Common Exam Questions on Dot and Cross Diagrams
Practise how to draw dot and cross diagrams for molecules that are commonly featured in schools exams and at the O Level.
Q1. Draw a dot and cross diagram to show the bonding in water, H2O.

- Place hydrogen at the ends and oxygen at the centre, as hydrogen can only form 1 bond and hence cannot be the central connector
- Each hydrogen forms a single bond with oxygen, which is represented by a pair of dot and cross
- After bonding, hydrogen has no other electron, while oxygen has 4 non-bonding electrons
Q2. Draw a dot and cross diagram to show the bonding in methane, CH4.

- Like in water, place hydrogen at the ends and carbon at the centre
- Each hydrogen forms a single bond with carbon, which is represented by a pair of dot and cross
- After bonding, hydrogen and carbon alike have no other electron
Q3. Draw a dot and cross diagram to show the bonding in hydrogen chloride gas, HCl.

- Each hydrogen forms a single bond with chlorine, which is represented by a pair of dot and cross
- After bonding, hydrogen has no other electron, while chlorine has 6 non-bonding electrons
Q4. Draw a dot and cross diagram to show the bonding in carbon dioxide, CO2.

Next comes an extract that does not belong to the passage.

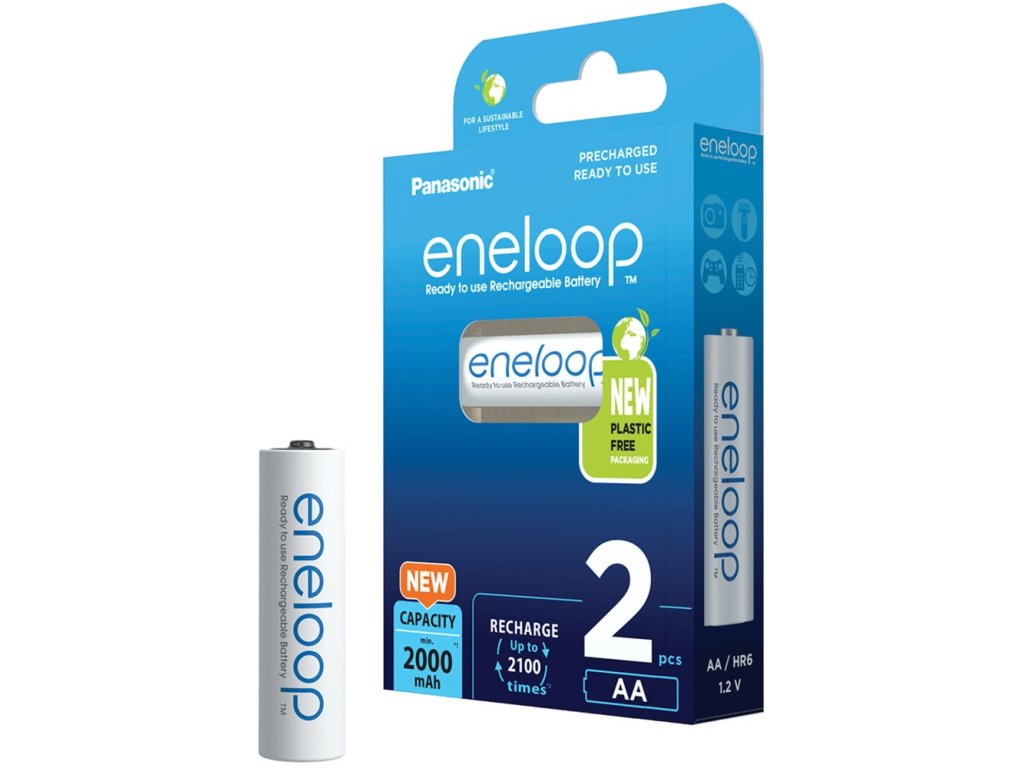 NOVINKA - ZVÝŠENÁ KAPACITA: Zvýšená kapacita min. 2000 mAh. Pripravené na použitie pre všetky vaše často používané zariadenia, ako sú hračky, baterky, herné ovládače, svítidlá, zdravotnické pomôcky atď. Naše batérie Eneloop sú kompatibilné so všetkými vašimi zariadeniami napájanými z baterií a možno ich nabíjať pomocou štandardných Ni - MH nabíjačiek. Batérie Eneloop sa dodávajú prednabité. Až 2 100 nabíjacích cyklov! Naše obaly sú teraz 100% bez plastov! Vďaka extrémne nízkemu samovybíjaniu môžete batérie Eneloop bezpečne skladovať, kým ich nebudete skutočne potrebovať. Dokonca aj po 10 rokoch skladovania majú batérie Eneloop stále 70 % svojho pôvodného nabitia. Toto balenie Eneloop obsahuje 2 batérie AADodatočné parametre
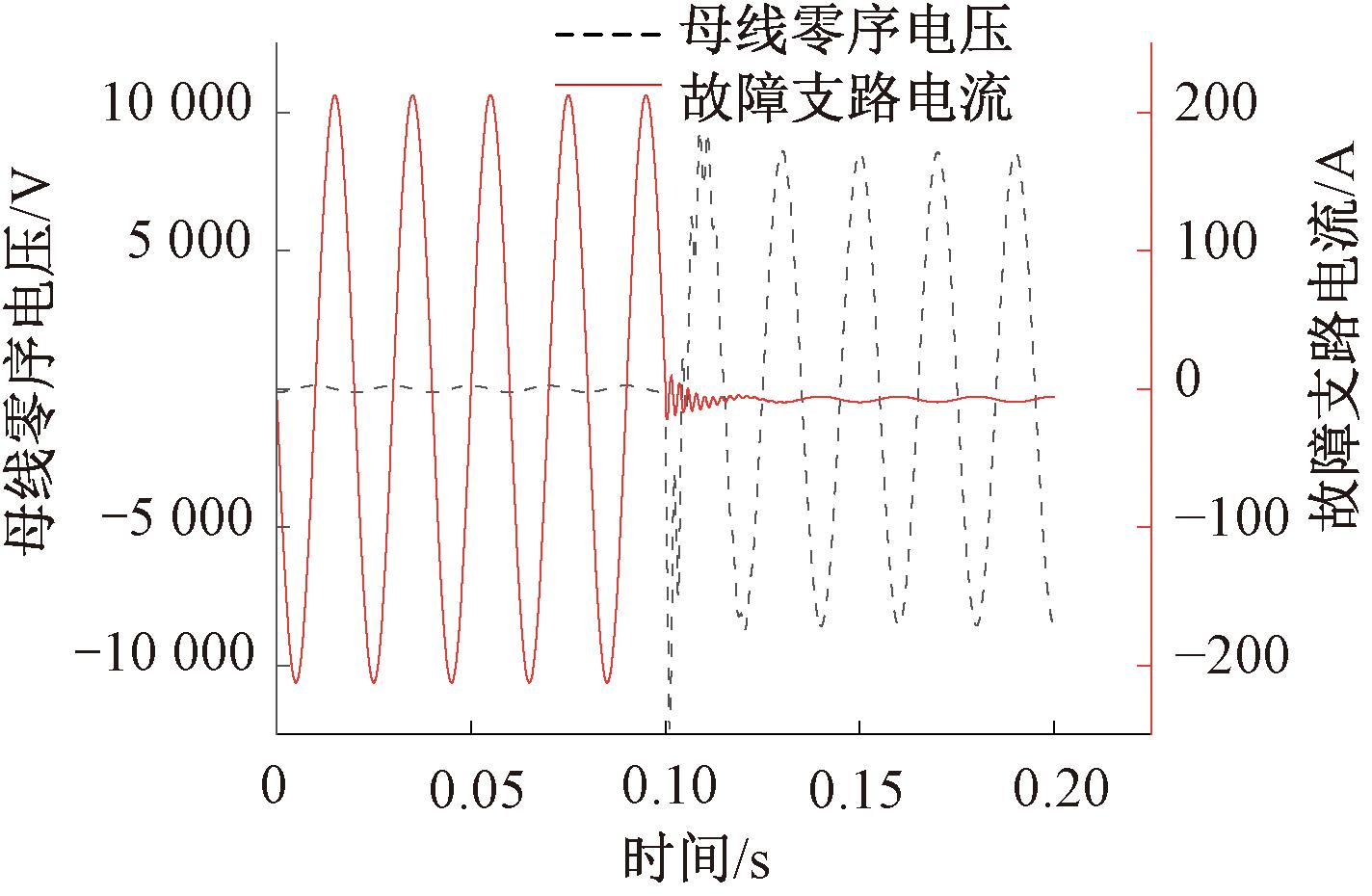 Figure 10 Busbar zero-sequence voltage and faulted branch current waveform diagram

- Place carbon at the centre and oxygen at the ends
- Each oxygen forms double bond with carbon, which is represented by 2 pairs of dot and cross
- After bonding, carbon has no other electron, while oxygen has 4 non-bonding electrons
Q5: Challenging Question from Prelim Paper
A non-metallic element Z in the third period forms a bromide with the formula ZBr3. Using the formula, infer the bonding in ZBr3 by drawing a dot-and-cross diagram showing the valence electron only.

Before picking up your pencil to draw, consider if the bond is covalent or ionic. Because both Z and bromine are non-metallic elements, they form a covalent bond together.
- Place Z at the centre and bromine at the ends
- Since bromine has a valency of 1, each bromine atom can only form a single bond with Z, which is represented by a pair of dot and cross
- After bonding, Z only has 6 electrons. Assuming that Z would have achieved the electronic configuration of a noble gas, we infer that Z must have 2 more non-bonding valence electrons.
Therefore, Z is from Group VI, as it has 5 valence electrons. 3 are used in covalent bonding, while 2 remain as non-bonding electrons in ZBr3.
Marking Points
- Correct number of shared electrons and non-bonding electrons
- Correct relative size of valence shell (like how the valence shell of chlorine is bigger than that of hydrogen)
- Legend included